Anwar Ali Sharif, 36, the only Asian member of the National Empowerment of People Living with HIV/AIDS of Kenya (NEPHAK) Kenneth Odiwuor/IRIN
When 20-year-old Jenna,* a Kenyan of Asian descent, told her family two years ago she had tested positive for HIV, they forced her to terminate her pregnancy, forbad her to seek treatment and kept her locked in the house because of the shame she had brought on the family.

She did, however, go against their will and obtained life-prolonging antiretroviral medication at hospital. She now lives with another family who have taken her in and accepted her status.
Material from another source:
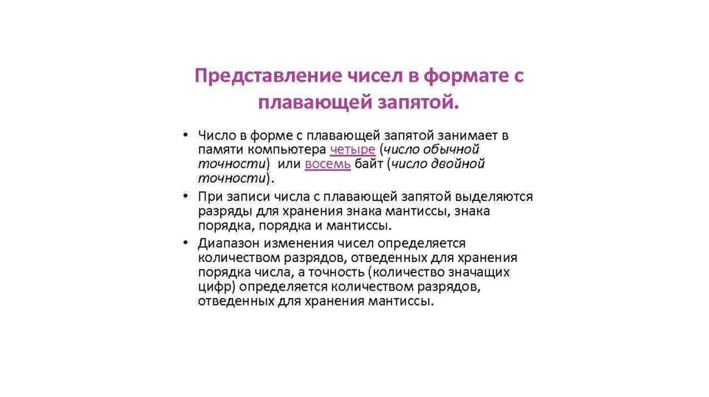 Представление чисел в формате с плавающей запятой

"When I insisted on seeking treatment, my family chased me away," Jenna told IRIN/PlusNews. "For them it was good if I died slowly rather than shame them by seeking treatment and giving people an opportunity to know my status."
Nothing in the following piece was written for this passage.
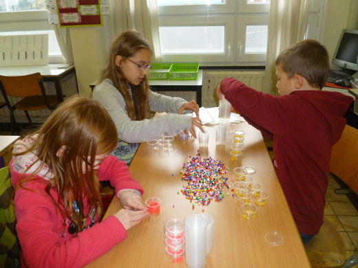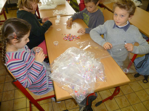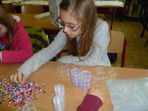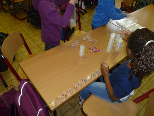 Nous avons regroupé les perles par 10 et les avons mises dans les petits pots fermés. Lorsque nous avions 10 petits pots fermés, nous les placions dans un sachet. Enfin, lorsque nous avions 10 sachets, nous les placions dans une caisse.

The Kenya National Bureau of Statistics estimates there are about 120,000 Kenyans of Asian - largely South Asian – origin, mainly living in the three major cities of Nairobi, Mombasa and Kisumu.

According to Anwar Ali Sharif, 36, the only Asian member of the National Empowerment of People Living with HIV/AIDS of Kenya (NEPHAK), stigma is the biggest impediment to Kenyan Asians accessing HIV/AIDS services.

"There is a lot of stigma among Kenyans of Asian origin. Many people who are HIV-positive are locked in the house because it is feared they will shame the family if it is known they are HIV-positive," he said.

He noted that while wealthy Asians could afford to visit private health facilities where no one need know their status, the stigma of visiting the clearly marked comprehensive HIV care clinics in public hospitals kept poorer Asians away from treatment.

Peter Cherutich, head of prevention services at the National AIDS and Sexually transmitted infections Control Programme, says there were no statistics on HIV prevalence among Kenyan Asians and no services tailored specifically to the Asian community as they were expected to receive services like any other Kenyan.

"As part of the Kenyan population, we expect them to access services like everyone [else]," he said. "It is not desirable to have specific surveys targeting certain racial groups unless it is clearly known that by virtue of their race they have certain biologic or behavioural or cultural factors putting them at greater risk for HIV. I don't think this is the case for this population."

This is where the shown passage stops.